Other causes of sorrow
Now, for a quick turn:
While we most often think of sorrow as caused by a death, there are many other causes of sorrow we must not overlook. We may have sorrow because of a lost relationship, a lost job, a lost election, a lost opportunity, a lost hope and so many other reasons.
The despair and anxiety we’ve talked about the last two weeks ride in the same posse as sorrow.
Redeeming sorrow
So, what good can come out of sorrow?
First, sorrow is a natural part of life. If you deny sorrow, you set yourself up for trouble. What we don’t process eventually will process us. This is a pay me now or pay me later situation.
“Sorrow can make us more empathetic people — which actually is a good trait despite what some Calvinist preachers say today.”
Second, sorrow can make us more empathetic people — which actually is a good trait despite what some Calvinist preachers say today.
And third, sorrow can change the world.
Candace Lightner founded Mothers Against Drunk Driving after her 13-year-old daughter, Cari, was killed by a drunk driver in 1980. MADD became a powerful national force for changing laws and attitudes toward impaired driving.
The families of the Sandy Hook Elementary School shooting victims started several foundations, including Sandy Hook Promise, which works to prevent gun violence through education and policy change.
Judy and Dennis Shepard, parents of Matthew Shepard, started the Matthew Shepard Foundation to teach parents with children who may be questioning their sexuality to love and accept them for who they are and to not throw them away.
James Brady and his wife, Sarah, started Brady: United Against Gun Violence to advocate for gun control and against gun violence after the former White House press secretary was permanently disabled and later died as a result of the Ronald Reagan assassination attempt of 1981.
Chris Bobelis, professor of women’s, gender and sexuality studies at the University of Massachusetts Boston, wrote an article for Aeon that explores why and how some people who have experienced tremendous sorrow turn to activism.

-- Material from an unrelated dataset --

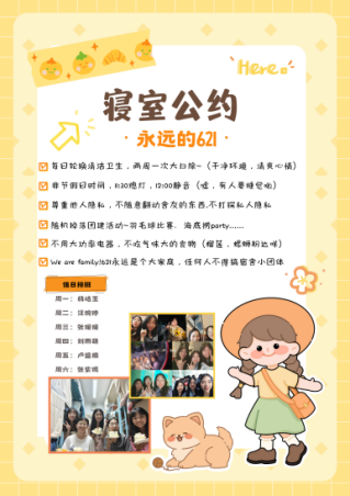 学11楼621宿舍由六名来自三个专业(地理信息科学、自然地理、地理励耘)、六个省份的成员组成。他们热爱卫生,定期大扫除,卫生检查成绩优秀,多次位列班级第一。宿舍成员学业情况良好,4人综合成绩超过88分。团建活动丰富多彩,一起庆生、聚餐、运动等等。宿舍凝聚力大,相互学习,共同进步。同时宿舍成员也积极参与学校的科研竞赛和志愿服务活动,志愿时长累计约580小时,多人在各类学生团体中担任重要职务。

“The accidental activists long for a deeper cultural recognition of loss,” she says. “Through their work, they make their grief legible in a culture that turns away from their pain. As activists, they can grieve out loud. Their activism is a potent means of survival. When others are pressing them to let go, they use their activism to hold on.

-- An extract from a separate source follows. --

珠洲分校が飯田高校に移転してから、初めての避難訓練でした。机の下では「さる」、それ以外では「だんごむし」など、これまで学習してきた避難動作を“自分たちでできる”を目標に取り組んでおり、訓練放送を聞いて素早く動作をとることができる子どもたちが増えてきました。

“The accidental activists taught me how they hold on in three interrelated ways. First, through their activism, they craft a purpose that gives shape and meaning to their lives. Second, their activism connects them with a supportive community of other bereaved people — a real lifeline. And third, as activists, they continue their role — as parent, sibling, partner — with their dead loved one.
“Their lessons also point us toward a new way of thinking about grief. Grief is not a problem to be solved, but rather an emotional reality that demands acknowledgement.”
“Grief and sorrow can be incredibly powerful motivators.”
Grief and sorrow can be incredibly powerful motivators — to do good, to make change, to be a different person.
One of my dearest friends in the world is heading to in-patient alcohol rehab this Friday. This has been a long time coming, and I am so happy for him I cry when I think about it. Others have tried to get him to turn his life around before, but their pleas have only angered him more. This week, the right people found the right tone and the right time to make a difference.
Here’s what he told me: “They didn’t make me feel like a bad person. I could tell they love me.” I’m more hopeful than ever now.
Here’s the bottom line: Forced joy is no joy at all. We must sit with people in their sorrow and feel their pain. For it is in dying that we are born to eternal life.
Mark Wingfield serves as executive director and publisher of Baptist News Global.